The push by U.S. manufacturers to cut labor costs, especially for health care, is deepening the divide between three of the biggest U.S. steel companies and their main union. Contract talks, which are usually resolved by November, have dragged on months after their summer deadlines.
Premium-free health-care packages are one of the last big perks awarded by the top tier of American manufacturers, including auto and steelmakers. But now, slowing demand for base materials, along with the rising cost of health care, is weeding out these packages for all but a few companies.
Autoworkers in negotiations that concluded last month successfully held on to their labor-friendly deals. But steelworkers, whose industry is suffering as demand from China slows, are negotiating from a weaker position.
The U.S. steel belt, stretching from Northern Indiana to Pittsburgh, is suffering through its worst market since 2009, brought on by rising Asian imports and the collapse of oil and gas markets, which has damped demand for pipes and tubes. Steel prices are down by more than 40% this year, causing around a billion dollars in losses at U.S. Steel Corp.,Allegheny Technologies Inc., and the U.S. operations of global giant ArcelorMittal.
U.S. Steel on Saturday night announced a tentative agreement with workers. However, it won’t be finalized until late January, at the earliest. At the other two firms, negotiations—which were all supposed to end this summer—are now certain to go on even longer, the first time in memory that this has happened, according to company and union officials involved in the talks.
“These companies see that steel prices could be low for the next 10 years, and they’re saying they have to do whatever it takes to survive,” said Phil Gibbs, an analyst for Keybanc Capital Markets in Cleveland. “And they’re willing to wait.”
The bargaining will “go on as long as it has to go on,” Rich Harshman, CEO of Pittsburgh-based specialty steel producer ATI, said.
Pittsburgh-based ATI, which locked out its employees during the summer, is running some of its plants with replacement workers, contractors, and white-collar staff, and has idled others. Steelworkers at ArcelorMittal and U.S. Steel are still laboring, temporarily, under their previous contracts. All three firms have idled plants to cope with the sluggish market.
At all three, the talks have stalled over health care. The three companies currently award their 33,000 unionized employees, represented by the United Steelworkers union, packages that involve paying little or no premium, as part of deals cut during rosier times. With health costs going up and the market down, companies say they now want workers to contribute more than $125 a month, to survive low prices and competition from steel imported into the U.S.
The Pittsburgh-based United Steelworkers union, which represents workers at the three firms, has promised to fight as hard as it can for its members. “We know that our industry is in the midst of a serious crisis brought on by unfair trade and global overcapacity, but we do not believe that workers and their families should be forced to bear the brunt of these problems,” the USW said in a recent letter to its members.
But privately, some officials said in interviews that there’s a risk steelworkers will have to make greater contributions to their health-care packages. They say they fear that means these talks could set a precedent and lead to workers bearing the brunt of health-care cost inflation.
The talks are particularly contentious at ATI. Its labor contract ran out on July 1, two months before that of the other two companies.
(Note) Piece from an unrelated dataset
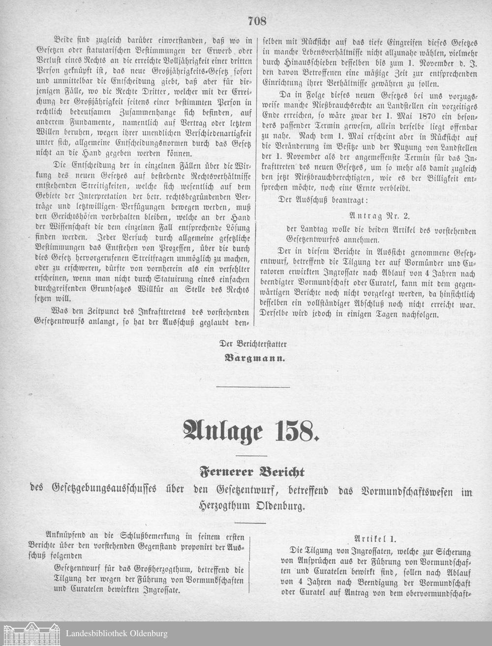 Verhandlungen der ... Versammlung des ... Landtags des Freistaats Oldenburg / Anlagen zu den Niederschriften und Berichten / Anlagen zu den Protokollen und Berichten

When ATI first sat down with the union this summer, it demanded that workers contribute to health-care costs, that it be allowed to replace retiring workers with contractors instead of blue-collar unionized workers, and that new hires open 401(k) plans instead of receiving pensions.
Workers at ATI, which makes titanium and nickel alloys for the aerospace industry and metallic powders for 3-D printing, are among the best paid in the metals industry, making over $94,000 a year, including overtime, and receive full pension and health-care benefits. ATI lost $144.6 million on revenue of $832.7 million in the third quarter.
Health-care costs, which have been consistently rising around 5% a year, faster than inflation, are the biggest issue in the stalled talks, say ATI executives. “Health-care costs are too expensive and we have to deal with that,” said Mr. Harshman.
ATI’s workers refused the company’s demands, and the union organized raucous rallies. On Aug. 15, Mr. Harshman locked out 2,200 workers at 12 plants in six states. They’re still locked out.
Analysts expect all three companies to prevail in this go-round. Companies have more leverage in a down market, because they have much less to lose in shutting down plants than when times are good. And they have the cash to weather a lockout—and most of the workers’ unemployment pay, currently around $2,000 a month, will start being phased out over the first few months of next year.